Femtosecond Diffraction Studies of Shock and Ramp-Compressed Matter

The project aims to use the femtosecond pulses from a hard x-ray free electron laser (the Linac Coherent Light Source - LCLS at SLAC) to measure deformation and structure of matter shock or ramp compressed to multi-megabar pressures, accessing regions of phase space inaccessible to study with diamond anvil cells. The experiments will be augmented with multi-million atom molecular dynamics simulations coupled with diffraction simulations. The research has both applied and fundamental aspects. From the fundamental point of view a significant amount of matter in the visible universe exists in states of pressure and temperature inaccessible to many laboratory experiments - e.g. the interior of the large planets in our own solar system, and those that have been discovered orbiting other stars (exoplanets). Recreating and understanding the conditions existing in these regions is of fundamental interest. From the applied point of view it is as yet unknown what materials, once produced at high temperature and pressure, may be metastable (and of commercial use) at ambient conditions. For example, it is well known that diamond is metastable (it is not the state with the lowest free energy), however, the enthalpy barrier between it and the graphite phase is huge, and it thus exists under ambient conditions, and has considerable industrial impact. Thus the overall field of explore matter under novel conditions, learning its structure, and then bringing it back (if possible) to ambient conditions could be of considerable impact.

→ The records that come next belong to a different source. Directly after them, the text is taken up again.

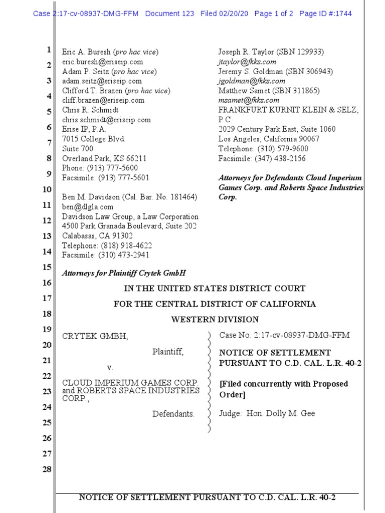 Notice of Settlement, Crytek v. Cloud Imperium Games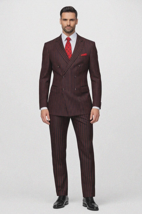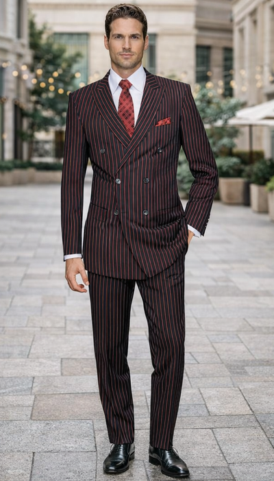 Black and Red Pinstripe Double breasted Suit - 100% Wool Modern Fit Side Vents by Statement brand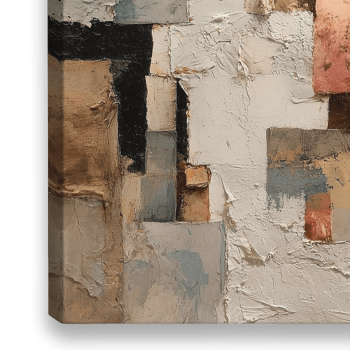 Een abstract kunstwerk met een textuurcompositie van overlappende geometrische vormen tegen een overwegend witte achtergrond. Het kleurenpalet bestaat uit neutrale tinten en aardse kleuren, wat resulteert in een geometrische compositie met een kubistische invloed en een collageachtige, mixed-media-benadering.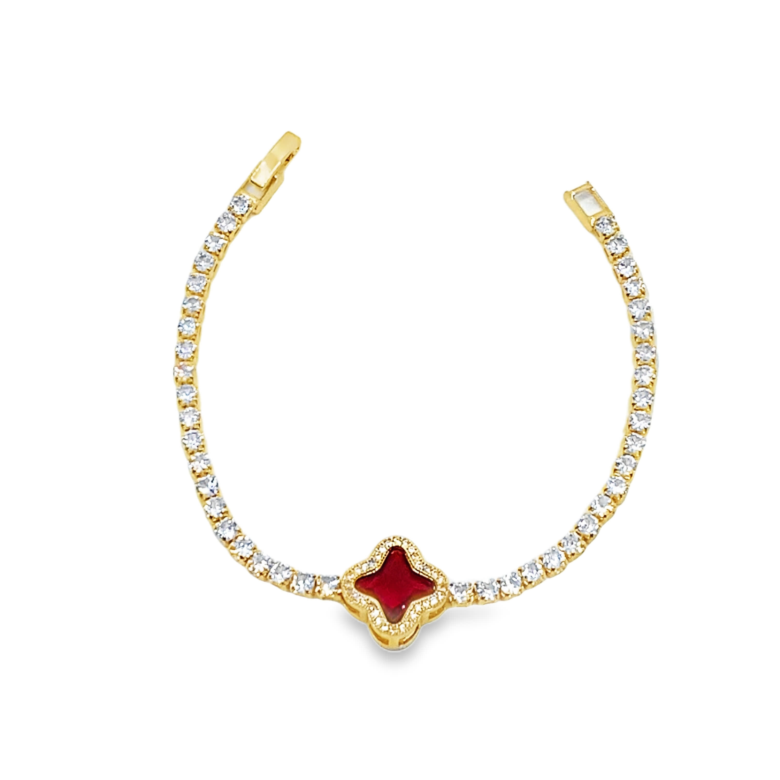 Wykwintna, 14-karatowa, żółta bransoletka tenisowa z hipnotyzującym połączeniem diamentów, osadzonych w klasycznej, czterozębowej oprawie. Centralnym elementem jest okrągły, czerwony rubin o szlifie kaboszonowym. Starannie wykonana, z doskonałym połyskiem i symetrią, bransoletka emanuje wyrafinowaniem i blaskiem.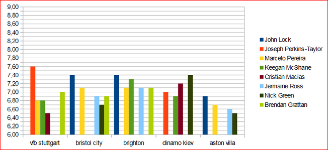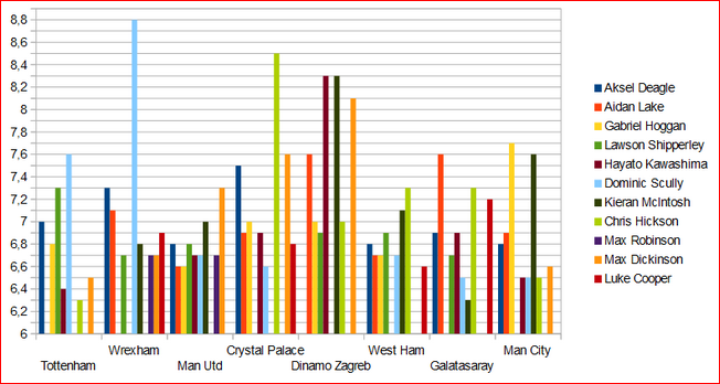 | dd | Cristion Macias | 3(1) | - | - | 1 | - | 6.83 |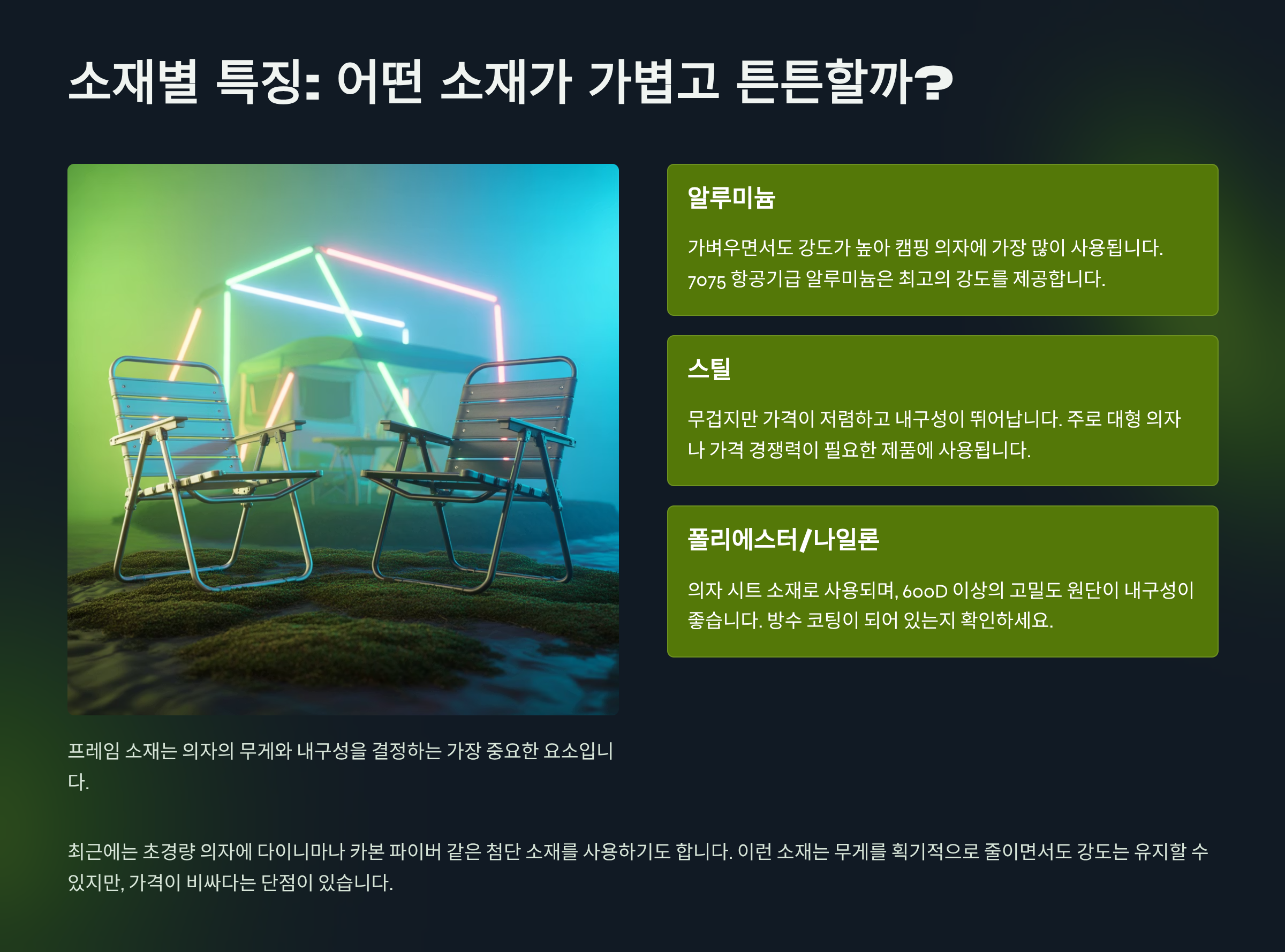 | 나일론/폴리에스터 (원단) | 가볍고 건조 빠름 | 휴대성 좋음, 다양한 디자인 | 일부 제품 내구성 약할 수 있음 | 경량 백패킹 의자, 활동적인 캠핑 |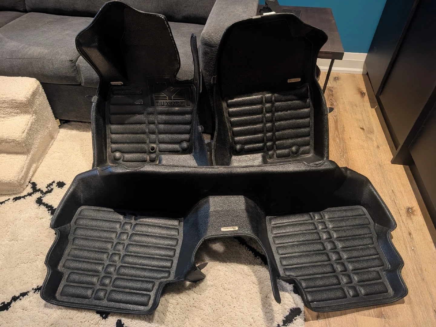 Selling a set of Tuxmat car floor mats in black that I purchased for a 2019 Mazda CX-5. They're in good condition and will keep your car's interior clean and protected! Driver's seat mat looks the most "used" with the mats for the back seats looking like new.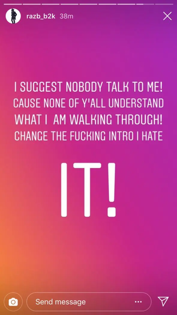 “I suggest nobody talk to me! Cause none of ya’ll understand what I am walking through! Change the f**cking intro I hate IT!”

The aims of the project are to better understand, at the lattice level, the physics of high-strain rate plasticity and polymorphic phase transformations. This will be undertaken both by theoretical investigation (molecular dynamics simulations) and via experiments employing femtosecond x-ray diffraction of materials shock or ramp compressed by high power laser ablation. The aim is, for several classes of material, to better understand how, under the uniaxial strain conditions applied by laser ablation, the material relieves the shear stresses to flow towards the hydrostatic. We know that, depending upon the material, this can happen via dislocation generation and flow, via twinning, and via polymorphic phase transitions. However, what actually happens at the lattice level, and at the mesoscale of individual grains, has yet to be explored in any detail. In this project the student will study both simple metals and more complex targets to start to unravel this complicated set of phenomena.

This project is directly related to the laser-plasmas and fusion EPSRC theme. For example the physics is encompassed under EPSRC grant EP/J017256/1 The Creation and Diagnosis of Solid-State Matter at Multi-TeraPascal Pressures. This is 50% funded by AWE, and we will also collaborate closely with LLNL in the USA.